Les drames forment la trame quotidienne des médias, traditionnels ou numériques. Ce sont les meurtres, viols et autres tragédies (de même que les anecdotes du spectacle ou du sport) qui suscitent l’intérêt des citoyens ordinaires. La paix éveille peu d’attention. La recherche a révélé que plus les gens suivent les nouvelles, plus ils pensent les tragédies imminentes et plus ils se sentent en insécurité. Le journaliste Johan Norberg rapporte: «Une étude réalisée à Baltimore montre que 73 de ceux qui regardent le téléjournal tous les jours ne sortent jamais en ville le soir [par peur]. Presque tous ces répondants pensent que le nombre de crimes augmente». Les accros des nouvelles nourrissent leur anxiété avec les drames qui se produisent. Pourtant, le monde est beaucoup plus sécuritaire maintenant que jadis. Les Nations Unies rappellent: «À l’échelle mondiale, le nombre absolu de victimes de la guerre n’a cessé de diminuer depuis 1946 ». Dans La Part d’ange en nous, le linguo-psychologue montréalais Steven Pinker rappelle: «Au cours des quatre dernières décennies, le taux annuel de viols a baissé de 80, passant de 250 à 50 par 100 000 personnes. En réalité, ajoute-t-il, la baisse a peut-être été plus importante dans la mesure où il est quasiment certain que les femmes sont maintenant davantage disposées à signaler les agressions à caractère sexuel». Même 50 viols, c’est trop. Néanmoins, il faut arrêter de penser que le mal progresse. C’est la paix qui progresse, pas la guerre. Il y a moins de guerres transnationales et moins d’hostilités sociales. En Europe, par exemple, le taux d’homicide est passé annuellement de 100 par 100 000 habitants au 14e siècle, à 10 au 17e siècle et à un seul de nos jours, rapporte Pinker. Dans le monde de nos parents, la violence était endémique alors que maintenant, c’est la paix qui se répand. Lentement mais sûrement… comme le parfum du lilas au printemps.

LA PAIX DANS LES CŒURS

Pourquoi y a-t-il moins de violence et plus de paix?
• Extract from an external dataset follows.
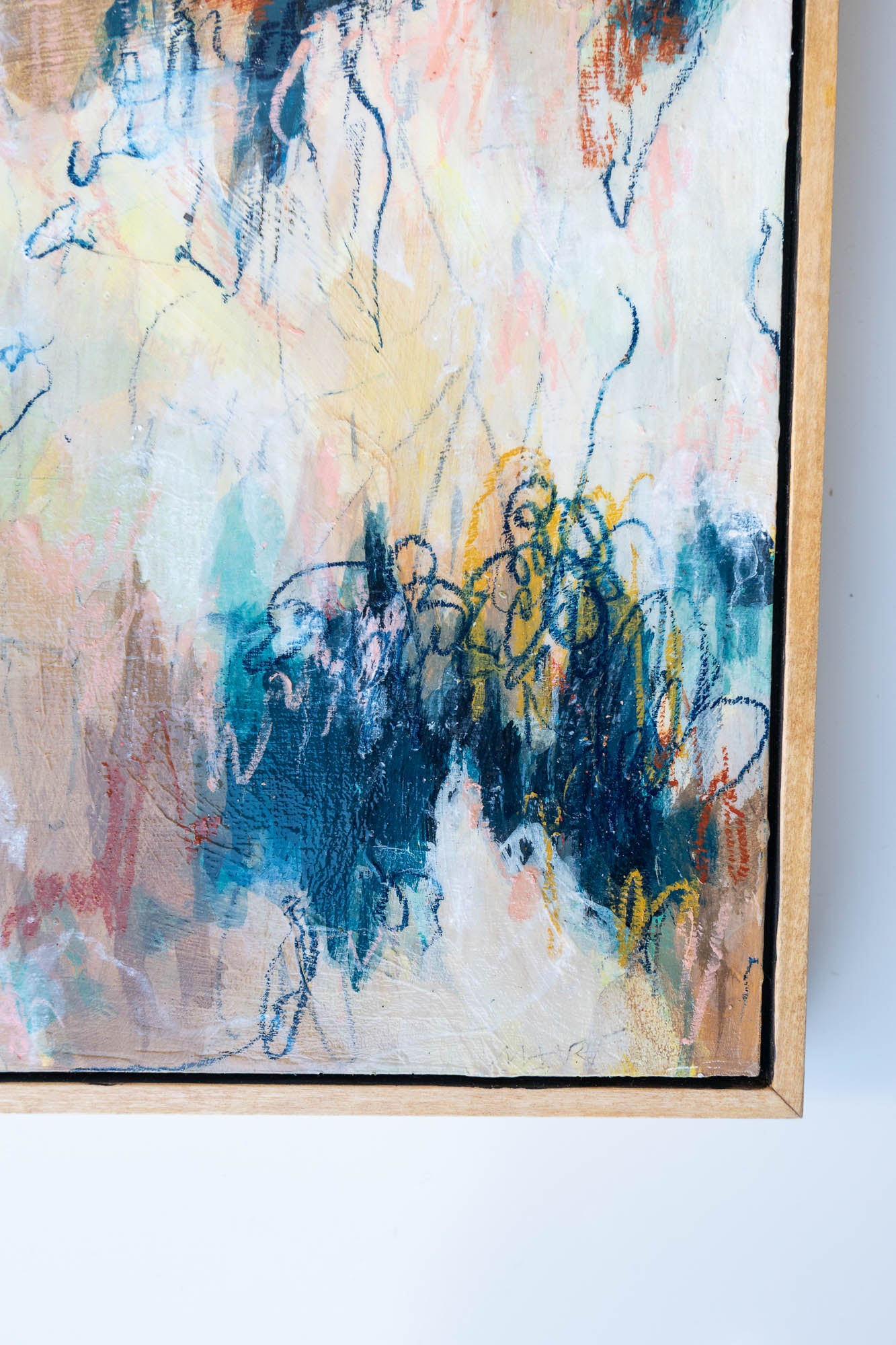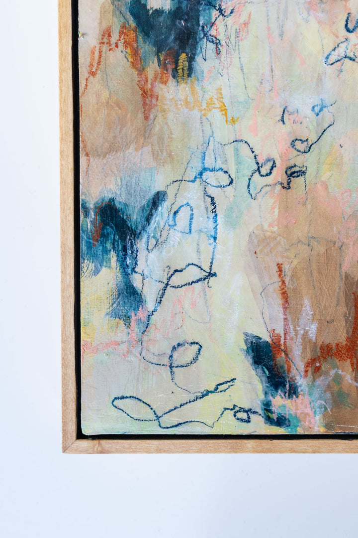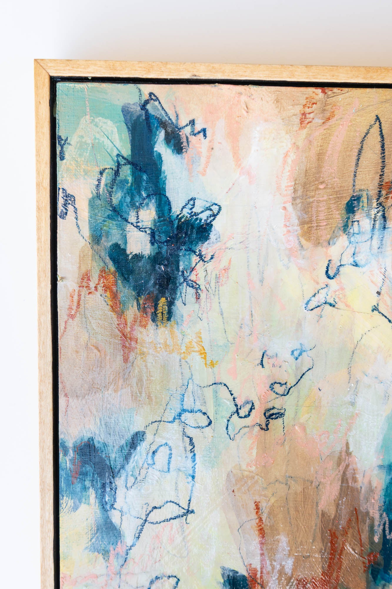 Whimsical and lyrical, this abstract painting features creamy neutrals, navy accents, and playful color loops—like music in motion. Framed in natural wood, ready to hang. Shipping included within the contiguous U.S.
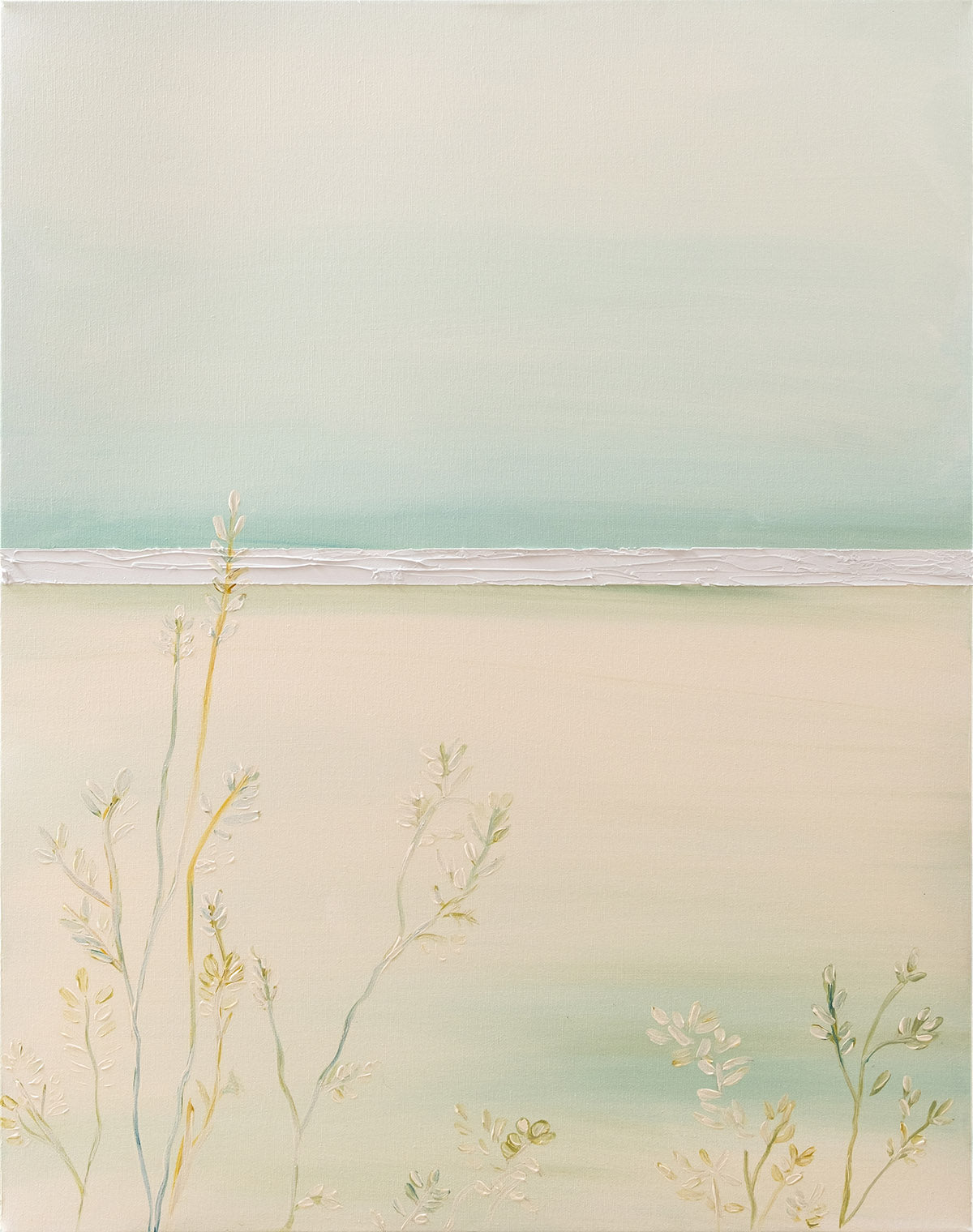 A soothing minimalist landscape pair in soft pastel shades of green and beige. The diptych offers a peaceful view of distant horizons, with delicate stems on the left and a prominently textured coastline, perfect for serene, modern spaces.

Pinker démontre de manière convaincante que c’est dû «à l’essor de la démocratie, aux échanges entre les peuples, à l’appartenance à des organisations internationales, au fait que la guerre ne suscite plus l’admiration, au respect croissant des droits de la personne, aux bienfaits de l’éducation et à l’influence accrue des femmes». Même si cette dernière reste encore insuffisante, ajoute-t-il. Il reste toujours du travail à faire pour que la paix gagne du terrain et perdure. On peut y œuvrer au sein des opérations de paix des Nations Unies, mais on peut surtout — et facilement! — travailler à la paix des cœurs, à ce que la paix se raffermisse dans son propre entourage en agissant avec prudence et en œuvrant à la conciliation. On peut encore travailler à être en paix avec soimême. Il ne sert jamais à rien de se tourmenter, s’engueuler, se déprécier, se détester. Il vaut mieux investir dans l’avenir: viser à être plus juste plutôt que se blâmer d’avoir été injuste, planifier des gestes de générosité plutôt que se morfondre d’avoir été égoïste, s’entraîner au respect des personnes plutôt que se flageller d’avoir été grossier. Travailler sur soi, c’est aussi travailler à la paix à laquelle tous les humains rêvent. Dans un texte qui a été maintes fois transformé et également mis en chanson, le poète et dramaturge Paul Fort a évoqué le rêve de paix qu’entretiennent tous les humains:

«Si toutes les filles du monde voulaient s’donner la main Tout autour de la mer, elles pourraient faire une ronde Si tous les gars du monde voulaient bien êtr’marins Ils f’raient avec leurs barques un joli pont sur l’onde. Alors on pourrait faire une ronde autour du monde Si tous les gens du monde voulaient s’donner la main.»